Buscando algo para abrir el frasco, Manolo abrió el cajón de la mesilla de noche y vio, asomando por debajo de un viejo pasaporte y un fajo de cartas atadas con un cordón rosa, un par de billetes de mil pesetas.

—Este no —dijo la voz de Hortensia a su espalda; al mismo tiempo, la mano de la chica le arrebató el frasco y le dio otro—: Este. Coge uno. Sólo uno.

—¿Cómo?

—Que cojas un billete, si quieres. No se enterará.

El murciano no lo pensó un segundo. El billete pasó a su bolsillo y cerró el cajón de golpe. No sabía qué decir. Estaba casi asustado. No le pareció notar nada especial en los ojos de la muchacha al hacer saltar los comprimidos en la palma de su mano, pero tuvo de pronto la sensación de haber caído en alguna trampa: algo parecido a lo que había experimentado a veces en brazos de Maruja. El Cardenal abrió los ojos bruscamente, con una expresión pícara, y los volvió a cerrar.

—Parece que ya está mejor —dijo Manolo.

—Sí, no es nada.

—Bueno, pues adiós. —Dio media vuelta—. Ya nos veremos.

La muchacha, que estaba introduciendo los comprimidos en la boca de su tío y le acercaba el vaso de agua, se volvió un momento para mirarle. Antes de entrar en la casa, Manolo dijo:

—Dale mucho café cuando se despierte.

Cruzó el comedor, enfiló el largo corredor oscuro y cuando llegaba al zaguán le alcanzó Hortensia y le pasó para abrir. Eso era algo que él no esperaba. La chica se quedó allí muy quieta, apretada al canto de la puerta abierta, cogiéndola con las dos manos en una actitud inconsciente de fervor posesivo. Ahora llevaba el segundo botón desabrochado, y el peso de los caramelos, en el bolsillo superior izquierdo, hacía que se le abriera la solapa de la bata mostrando la huidiza sombra azulada, la pequeña cola de pez entre sus senos. Manolo se inclinó un poco hacia ella para decirle alegremente en voz baja:

—Jeringa bonita, no pienso olvidar lo que acabas de hacer por mí.

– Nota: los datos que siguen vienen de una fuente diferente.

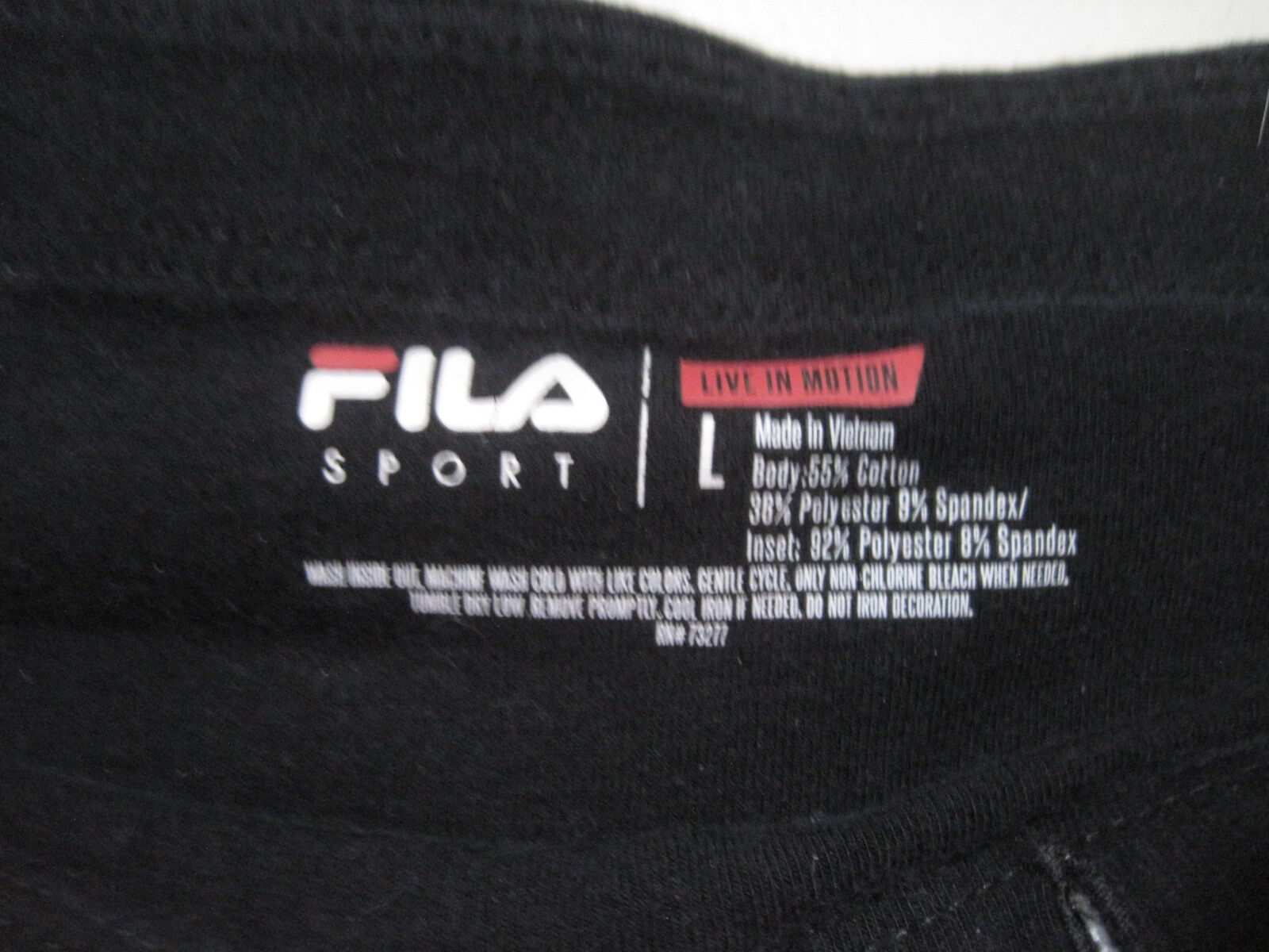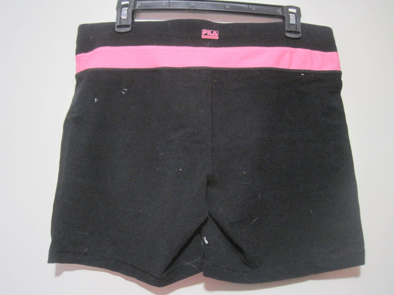 The FILA SPORT Women's Large Black & Pink Stripe Flash Fitted Athletic Elastic Shorts are designed for maximum comfort and performance. Made from a blend of polyester, spandex, and cotton, these shorts are lightweight, stretchy, and machine washable. The black color with pink stripes adds a stylish touch, perfect for both activewear and casual occasions. With features like an elastic waist and a 6-inch inseam, these shorts are ideal for activities such as tennis, cycling, golf, volleyball, and more. Designed by FILA, these athletic shorts are a must-have for the summer season.
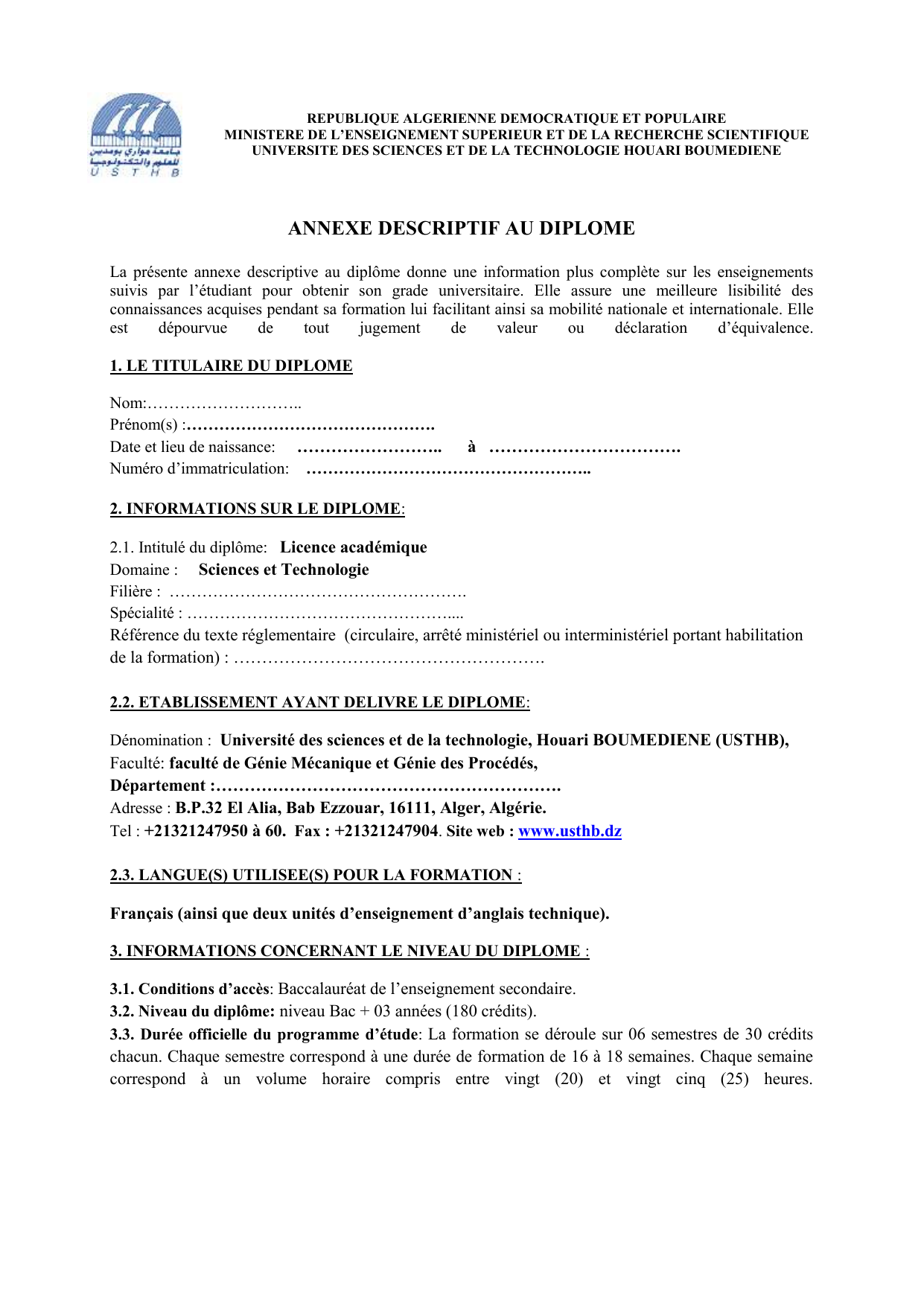 Adresse : B.P.32, EL alia, Bab Ezzouar, 16111, Alger, Algérie. Tél : +213 21 24 79 50 à 60 Fax:
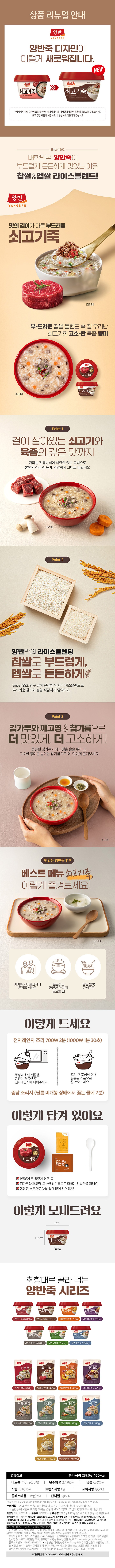| 포장단위별 내용물의 용량(중량), 수량 | 쇠고기죽 287.5g 6p + 전복죽 287.5g 6p, 1세트 | 원재료명 및 함량 | 컨텐츠 참조 |
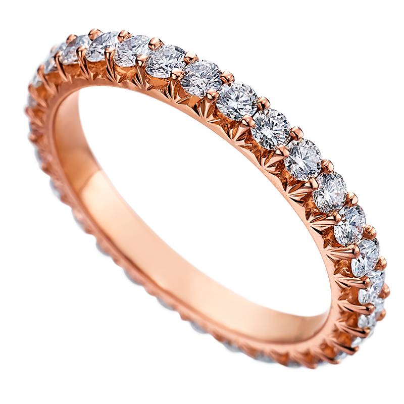 This timeless Royal Prong band has 30 round brilliant cut diamonds weighing 1.00 carats total set in 18 karat rose gold. It has delicate hand engraving on the prongs and is perfect for stacking, wearing with your engagement ring or simply on it’s own. Also available in platinum, 18 karat white or yellow gold.
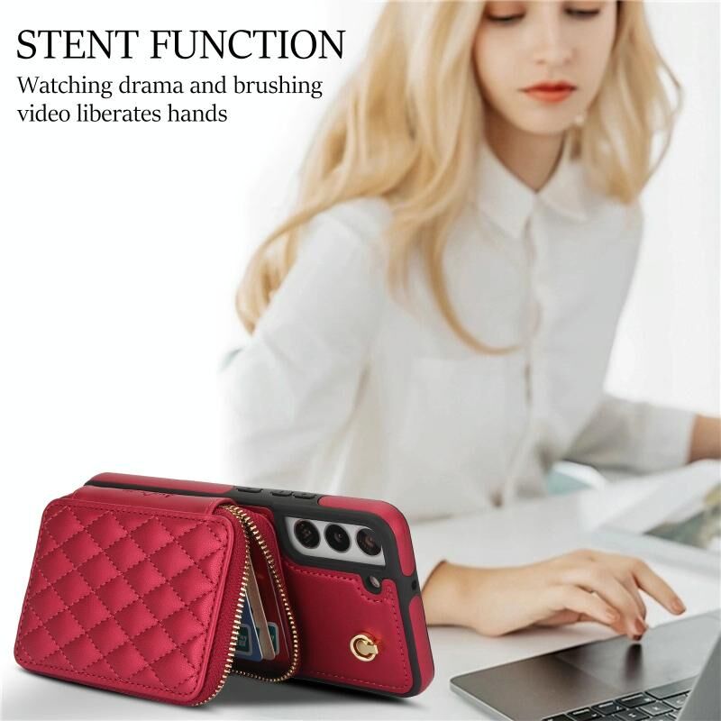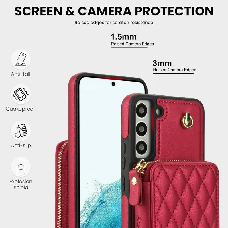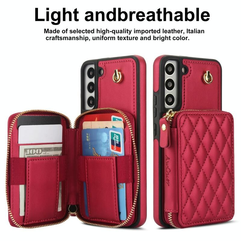 Θήκη κινητού τηλεφώνου Samsung Galaxy S22 5G AwQuer Crossbody με φερμουάρ, πορτοφόλι από δέρμα με ρόμβους (Κόκκινο) (Awquer)
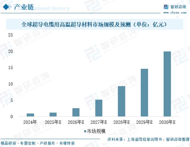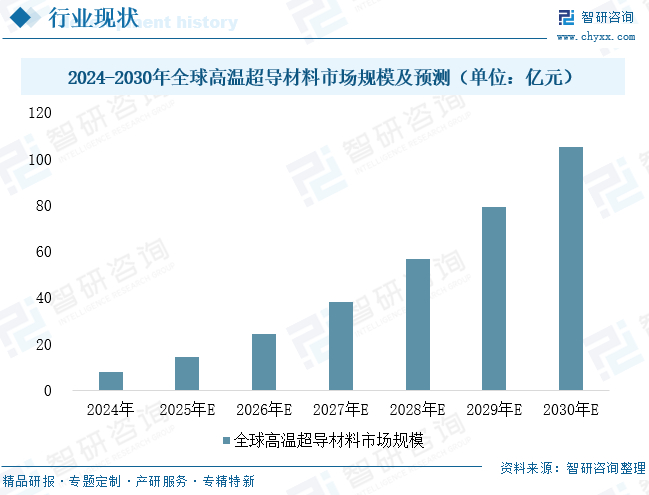 高温超导材料作为21世纪极具战略价值与产业爆发力的前沿新材料,正加速突破实验室边界,在能源传输、医疗影像、磁悬浮交通、国防装备及大科学装置等领域开启规模化应用新篇章。伴随可控核聚变装置磁体系统、智能电网超导限流器、高端医疗MRI设备等核心场景的技术突破与商业化落地,全球高温超导产业进入高速增长通道。数据显示,2024年全球市场规模已跃升至7.9亿元,同比激增77.3%;预计至2030年将突破百亿规模,达105亿元,期间年复合增长率持续保持53.9%的强劲态势,成为新材料领域最具颠覆性潜力的赛道之一。
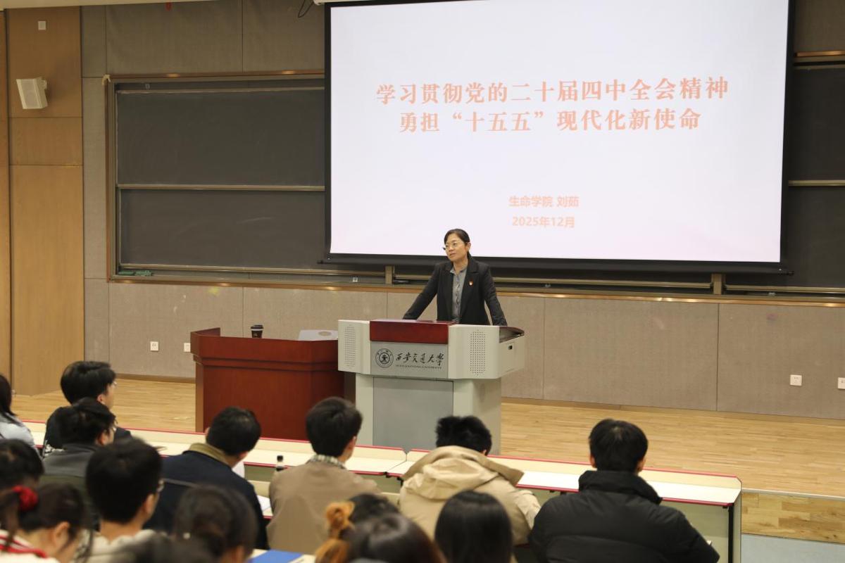 为深入学习贯彻党的二十届四中全会精神,引导研究生党员统一思想、凝聚奋进共识,近日,生命学院举办“信念领航”专题学习活动,生命学院党委书记刘茹以“学习贯彻党的二十届四中全会精神,勇担‘十五五’现代化新使命”为题作专题报告。全体研究生党员参加学习。

La muchacha ni siquiera parpadeó. Empujó la puerta cuando él hubo salido, pero no cerró del todo: un ojo glauco, inexpresivo, le estuvo siguiendo mientras él se alejaba bajo el sol. Era ella la que no pensaba olvidarlo.

Me amó por los peligros que he corrido.

Otelo

Al principio sólo fueron pasos discordes y confusos, un vacilante roce de caderas durante cortos paseos al atardecer.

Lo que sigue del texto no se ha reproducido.